After releasing the LM Drum, a LinnDrum clone, Behringer put out the BMX, a recreation of the DMX, an early '80s EPROM drum machine from Oberheim. How does this newbie stack up with the original?
In 1981, in response to Roger Linn’s LM-1, Tom Oberheim created the DMX, a digital drum machine with sampled “real” sounds. To release it at a more affordable price, Oberheim made certain compromises. These included a maximum of 8 voices, a simple volume control for each voice, only 3 non-simultaneous instruments per voice, panning set in stone, and pitch modifiable only by internal adjusters. Nevertheless, it offered a very punchy 8-bit sound.
Less prestigious than the LinnDrum, the DMX delivered the clap on New Order’s “Blue Monday, ” Herbie Hancock’s “Rock It, ” Run DMC’s “Rock Box, ” Davy DMX’s “One for the Treble, ” and a good number of '80s hip-hop productions. A musician buddy of mine described the DMX as sounding “good but more boilerplate (less distinctive) than the LinnDrum.”

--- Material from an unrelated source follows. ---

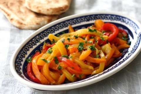 6. فى طبق التقديم نضع شرائح الفلفل ويوزع فوقها البصل ثم نوزع صلصة الخردل وتقدم بالهنا والشفا.

Some boards could accommodate 1, 2 or 8 EPROMs (for crash and ride cymbals), while others used the VCF CEM3320s (for sounds to be transposed downwards). They were, therefore, virtually dedicated, and changing an EPROM often meant replacing the entire daughterboard. This required opening the machine, ripping out the board, removing the EPROM… and you needed a supply of daughter boards to cover the different configurations. It was quite an era!
Let’s now turn to the BMX, Behringer’s DMX clone. The question here is: does it free itself from the constraints of the '80s while retaining the DNA and grain of its ancestor?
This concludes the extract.